Exercise aim = Retype the lines from the one containing "(1)在排列三已开出的750" through the last line of the entries below, exactly and in full, omitting every image.

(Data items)
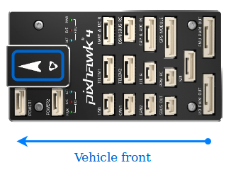 Motors/servos are connected to the I/O PWM OUT (MAIN) and FMU PWM OUT (AUX) ports in the order specified for your vehicle in the Airframe Reference.
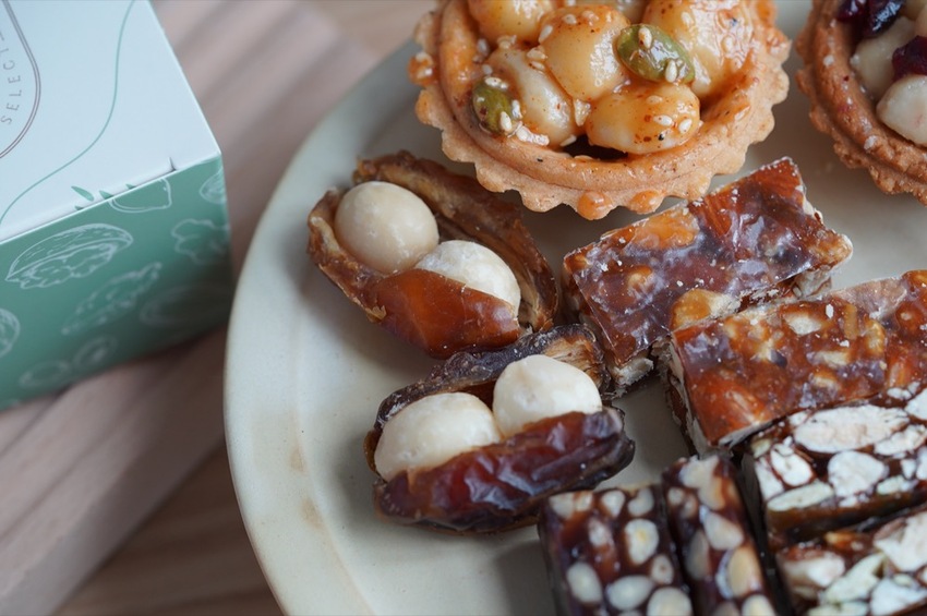 被封為網路美食人氣王的「夏威夷潛艇」 ,選用頂級中東椰棗包裹澳洲夏威夷豆製成,椰棗經由手工去籽處理後,軟嫩的果肉配上有酥酥脆脆的夏威夷豆,口感豐富又具有層次!「太妃糖」同樣選用了「法國依思尼奶油ISIGNY」,焦糖香氣瀰漫在空氣中,一口咬下可以吃到滿滿的杏仁內餡,甜而不膩且不黏牙,嘴饞的時候來一塊最對味。
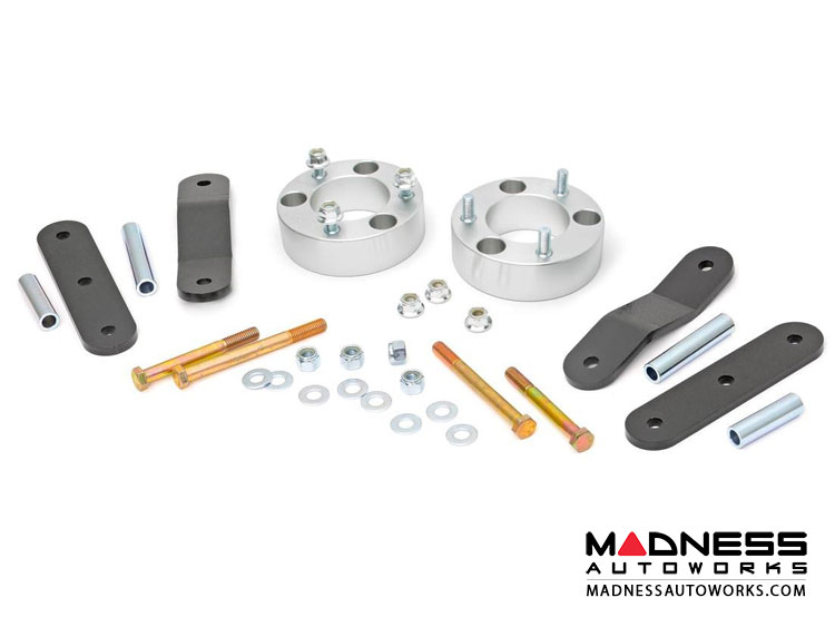 This kit is ultra-easy to install! A set of strut spacers attach to the top of the strut, with no strut disassembly required, making the process considerably smoother! Also included are a set of 3/8in plate steel shackles, engineered to preserve factory ride quality and reduce driveline vibrations. These heavy duty shackles provide lift height easily and effectively, while their beefy design and powdercoat finish are durable enough to hold up to the elements.
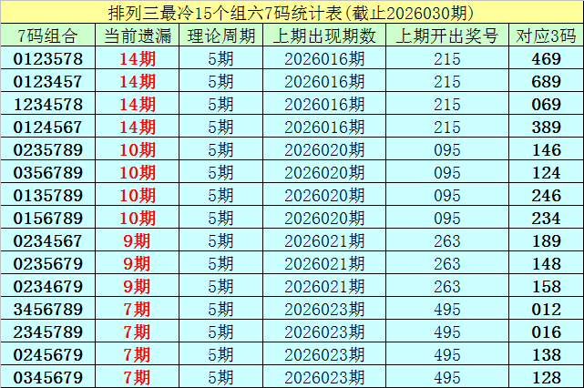 (1)在排列三已开出的7505期奖号中(统计截止第2026030期),目前7码组六遗漏值最大的组合为:0123578、0123457、1234578、0124567,本期遗漏14期;
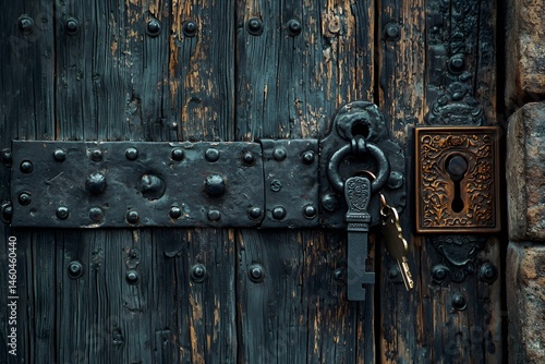 © IvyBridge, Fototapeta premium Durable locks on vintage wooden doors
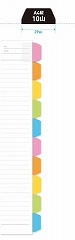 丈夫で折れにくい厚口タイプのフィルムふせん。A4縦サイズの書類に10山が並べて貼れるぴったりサイズ設計。書類の分類や長期保管のインデックス+メモに最適。
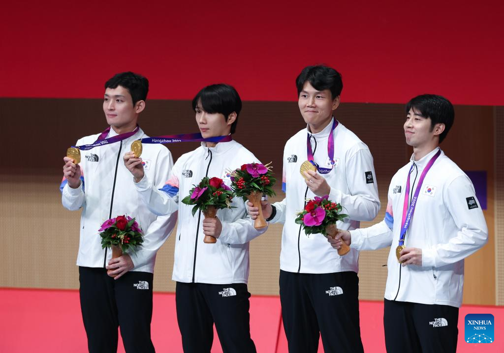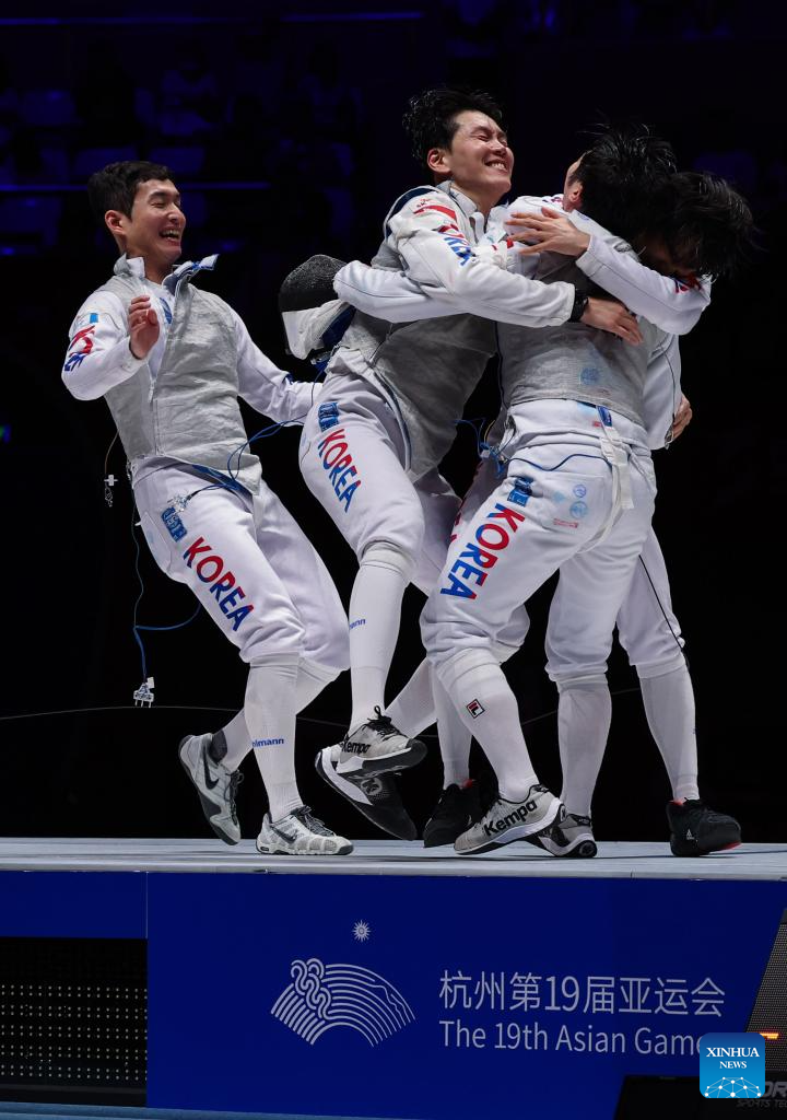 Players of South Korea celebrate winning the Men's Foil Team Gold Medal match of Fencing at the 19th Asian Games in Hangzhou, east China's Zhejiang Province, Sept. 27, 2023. (Xinhua/Xu Yu)
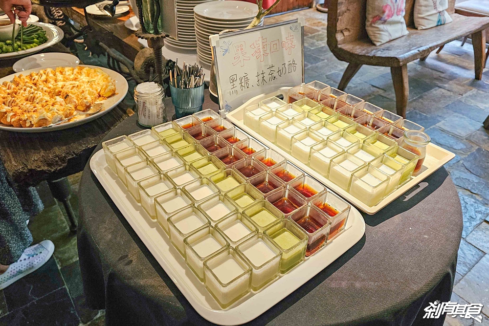 最後來吃甜點「果凍」有黑糖、抹茶跟奶酪三種口味,當天是抹茶口味最快被拿光XD

Answer section =
 (1)在排列三已开出的7505期奖号中(统计截止第2026030期),目前7码组六遗漏值最大的组合为:0123578、0123457、1234578、0124567,本期遗漏14期;
 © IvyBridge, Fototapeta premium Durable locks on vintage wooden doors
 丈夫で折れにくい厚口タイプのフィルムふせん。A4縦サイズの書類に10山が並べて貼れるぴったりサイズ設計。書類の分類や長期保管のインデックス+メモに最適。
 Players of South Korea celebrate winning the Men's Foil Team Gold Medal match of Fencing at the 19th Asian Games in Hangzhou, east China's Zhejiang Province, Sept. 27, 2023. (Xinhua/Xu Yu)
 最後來吃甜點「果凍」有黑糖、抹茶跟奶酪三種口味,當天是抹茶口味最快被拿光XD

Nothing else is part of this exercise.